I have wrestled with God. And the outcome is not what I expected.

One family all went to a baseball game together. They lost everything except, miraculously, their dog who was at home and survived. Another family is completely gone. Mom. Dad. 2 little boys. Another mom was at work and lost her husband and three of her four children. The one that survived only had a few scrapes and bruises. Somehow another mother was able to hold onto her 5 month old and they both survived. There are multiple couples where one survived and the other didn't and they were sitting in the same room. Love stories ended in 60 seconds.  

How can you hear these stories and not wonder?

Some of the things I've considered in the last couple weeks are just plain ridiculous. Like never wanting to be separated from my family. As in, not even long enough to grocery shop alone. Like using our credit card to become completely 'prepped' (like crazy style). 

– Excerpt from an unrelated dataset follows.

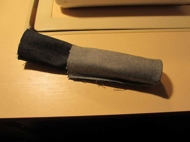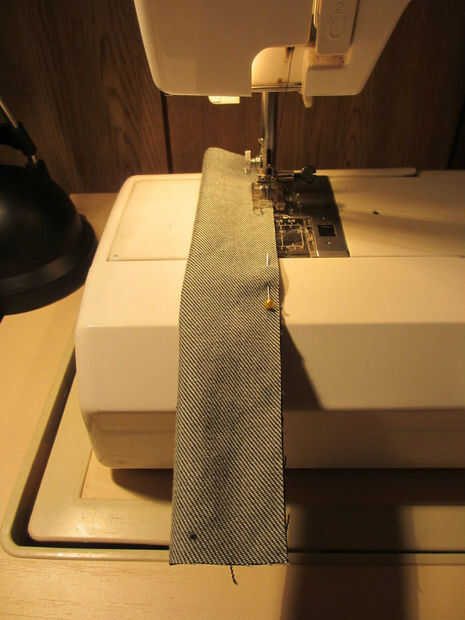 Es razonablemente sencillo para coser un tubo y luego gire al revés para usar como el lazo de correa, sólo asegúrese de que utiliza un tubo razonablemente amplio - el dril de algodón es muy difícil hacer de adentro hacia fuera para los tubos más pequeños. Una espiga o pluma es útil para el proceso de dar vuelta adentro hacia fuera.

And I think a legitimate response to so much loss is fear. Fear about what you would do if faced with such loss. Fear about what really matters. 

And yet. And yet. 

FEAR NOT, says God. My perfect love casts out fear. You can not grasp how wide and long and high and deep My love for you is. 

And I wonder if God isn't calling us to be Abraham. To lay the things, the ones, we love on the altar. To trust Him- and this is big- even if he doesn't provide a ram this time. Oh how my heart aches laying my sweet babies at Christ's feet, even knowing that His love for them is unfathomably greater than my unfathomable love for them. My heart breaks just figuratively laying them down, letting go, and backing off. I am afraid that there will be no ram for me. That God will require of me that which I can not imagine. But they are not mine. They have never been mine. They are His. They have always been His. 

And I am not to live in fear of what might be. I am to live in trust of what IS. 

And here's the unexpected result of my wrestling, the almost offensive truth. That if what I believe is true, then those who are 'lost' are better off at home with Christ then here on earth with the ones who love and miss them. Even those sweet babies. And although grief and mourning are legitimate- underneath it all should be joy and rejoicing. 

I do not know how to reconcile these opposing emotions. I do not know how anyone could. But if you follow the words we say, about the faith we claim, about the Bible we read, about the God we profess to their logical conclusion- then despair and fear have no place in our hearts. In fact, if we truly believe what we say we do- then death is not something to be feared. It is something to look forward to, meeting our bridegroom face to face. 

I have no idea how I would get through the loss these families are dealing with. I'm a complete wreck just imagining it but after almost three weeks of constant prayer what I do know is that I am to live my life, I am to raise my boys, as if they are on an altar. Every day, every night, sometimes moment by moment- I need to relinquish the illusion of ownership. 

And I've been considering what this means for me in my day to day life. I don't feel like it means we shouldn't be wise and prepare for emergencies/natural disasters (like 3 days, 3 ways) but I do feel like 'prepping' isn't for me. The idea of being able to survive 'the end of the world' because I had a big enough stockpile is not what I'm called to as a Christian. As a Christian, my hope should be to go home- not survive here longer. I'm also not sure what it means for me and our budget. I, along with many I know, admire and (are trying) to follow Dave Ramsey's advice but sometimes I think we can get sidetracked by our focus on preparing for the long term (financially) that we forget to ask God about the now. 

I'd be interested in hearing your thoughts, your heart. What has Oso, or some other unexpected event, done in your heart to your faith?

If you find what I've written offensive in someway, please be kind. These are simply the musings of a hurting heart. I really would love to hear your thoughts.